Oh and um this song actually reminds me of two people. The negative aspects mostly the starting about Him. The other, well you know by now.  

Almost forgot to mention the core issue how I'm jealous of a man. Like wow I've always veen been jealous of men but never reasons like this until now. But you know what this is wzong because they like him so I'll go with it because I like them. I'll go back to bookmarking the i love you's and then I'll print it out and stick it in a notebook well well that notebook I got from anyway this post was me acting desperate for the god knows how many universes were created and destroyed timeth.

Found a text while bookmarking where they wrote Be in love with yourself well why can't you been hahahaha. Am I starting to act like the guy I dated? Oh and about that, the entire time I was loyal to loving them in both those fuck as relationships. I did not like those guys at all and was in the relationship because I can't say so thabks to Him because he never listened when I said no. I sound so toxic with this entire post omg prolly because I am give me therapy y'all.

In another text message they write that their father will love me, regarding something.
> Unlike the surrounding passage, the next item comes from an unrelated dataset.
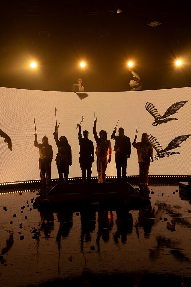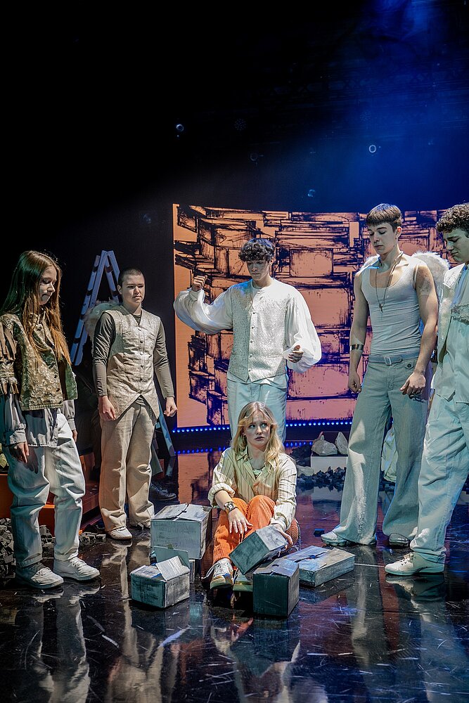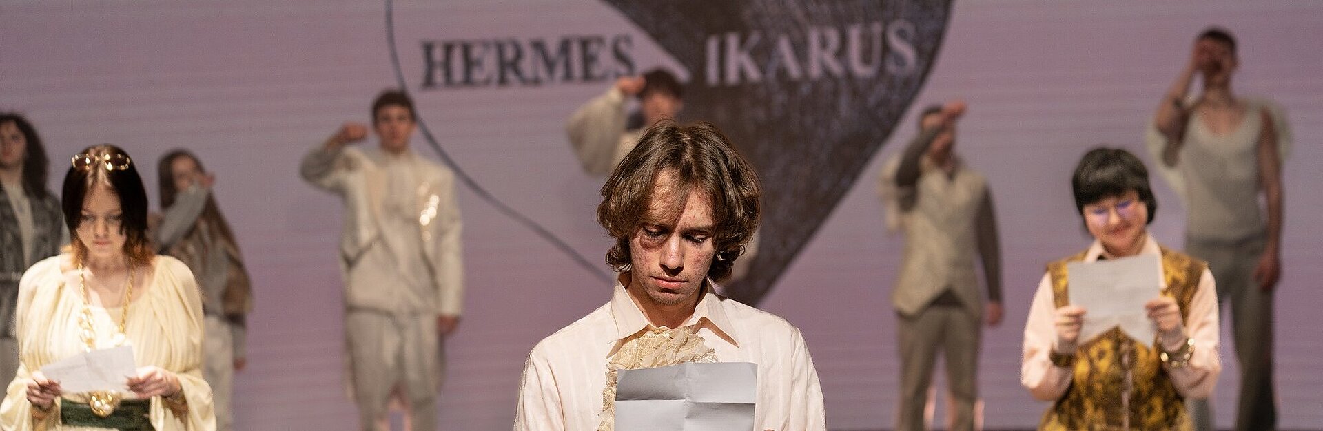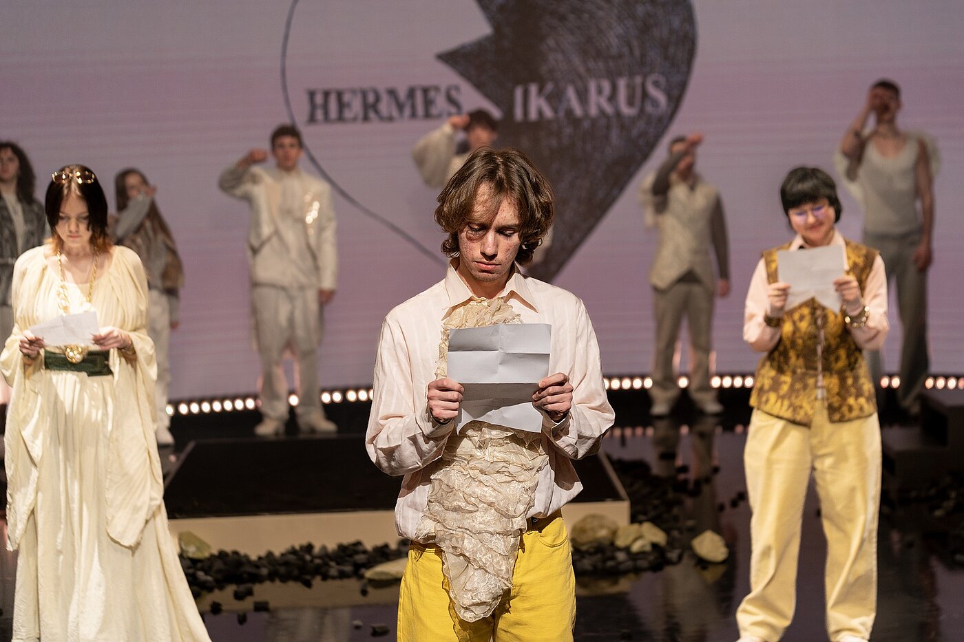 20 junge Erwachsene der BBS Haarentor und des Bildungszentrums für Technik und Gestaltung zeigen Momente des Erwachsenwerdens. Dabei werfen sie einen Blick in die Antike: Der Vater-Sohn-Konflikt aus der Sage von Dädalos und Ikaros wird in die Luft gewirbelt. Der Götterbote Hermes tritt in vielfältiger Gestalt auf und liefert jede Menge nicht bestellter Pakete. »Tschüss Kindheit« sagen sie und stoßen sich vom grauen Stein ab. Sie beginnen mit unbekannten Flügeln zu schlagen: Richtung Sonne, immer weiter, immer höher. Ein Absturz scheint nicht unwahrscheinlich, doch viel größer als die Angst ist die Lust auf Sonne im Leben und einen weiten Horizont.

In another text message they say "I don't believe people should stay with people who self harm" which is probably one of the reasons why I'm cutting them off this month because I will be self harming looking at the way things are going. 

This post was written for Tyler Joseph the lead singer of Twenty One Pilots because he looks so fucking majestic in the new music video. I know he has a wife and three kids but I side chick never really hurt yk.